I am using CentOS 6.3 with kernel 2.6.32-279.9.1.el6.x86_64. I also tried the latest stable kernel 3.6.6 downloaded directly from kernel.org.
Originally, the problem occurred on a 24-core server with 16GB RAM. The process has 700 threads. The data collected with "perf record" shows that the spinlock is called from the futex called from __lll_lock_wait_private and __lll_unlock_wake_private, and is eating away 50% of the CPU time. When I stopped the process with gdb, the backtraces showed the calls to __lll_lock_wait_private __lll_unlock_wake_private are made from malloc and free.
I was trying to reduce the problem, so I wrote a simple program that shows it's indeed the futexes that are causing the spinlock problem.
Start 8 threads, with each thread doing the following:
//...
static GMutex *lMethodMutex = g_mutex_new ();
while (true)
{
static guint64 i = 0;
g_mutex_lock (lMethodMutex);
// Perform any operation in the user space that needs to be protected.

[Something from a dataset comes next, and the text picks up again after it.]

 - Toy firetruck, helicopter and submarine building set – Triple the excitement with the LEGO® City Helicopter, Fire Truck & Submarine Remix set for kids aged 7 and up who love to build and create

// The operation itself is not important. It's the taking and releasing
// of the mutex that matters.
++i;
g_mutex_unlock (lMethodMutex);
}
//...
I am running this on an 8-core machine, with plenty of RAM.

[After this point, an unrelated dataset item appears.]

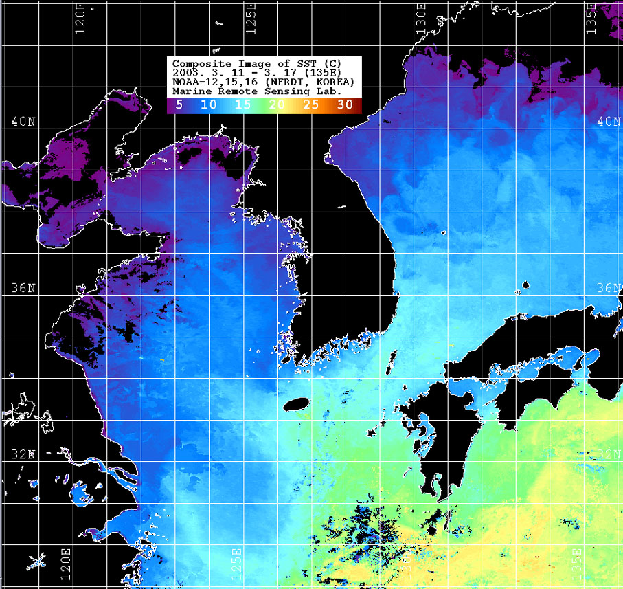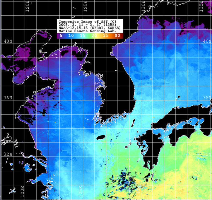 | 위성 수온 영상(2003. 3. 11~ 3. 17) | |||||

Using "top", I observed that the machine is 10% idle, 10% in the user mode, and 90% in the system mode.
Using "perf top", I observed the following:
50.73% [kernel] [k] _spin_lock
11.13% [kernel] [k] hpet_msi_next_event
2.98% libpthread-2.12.so [.] pthread_mutex_lock
2.90% libpthread-2.12.so [.] pthread_mutex_unlock
1.94% libpthread-2.12.so [.] __lll_lock_wait
1.59% [kernel] [k] futex_wake
1.43% [kernel] [k] __audit_syscall_exit
1.38% [kernel] [k] copy_user_generic_string
1.35% [kernel] [k] system_call
1.07% [kernel] [k] schedule
0.99% [kernel] [k] hash_futex
I would expect this code to spend some time in the spinlock, since the futex code has to acquire the futex wait queue. I would also expect the code to spend some time in the system, since in this snippet of code there is very little code running in the user space. However, 50% of time spent in the spinlock seems to be excessive, especially when this cpu time is needed to do other useful work.
I've ran into similar issues as well. My experience is that you may see a performance hit or even deadlocks when locking and unlocking a lot, depending on the libc version and a lot of other obscure things (e.g. calls to fork() like here).
This guy solved his performance problems by switching to tcmalloc, which may be a good idea anyway depending on the use case. It could be worth a try for you as well.
For me, I saw a reproducible deadlock when I had multiple threads doing lots of locking and unlocking. I was using a Debian 5.0 rootfs (embedded system) with a libc from 2010, and the issue was fixed by upgrading to Debian 6.0.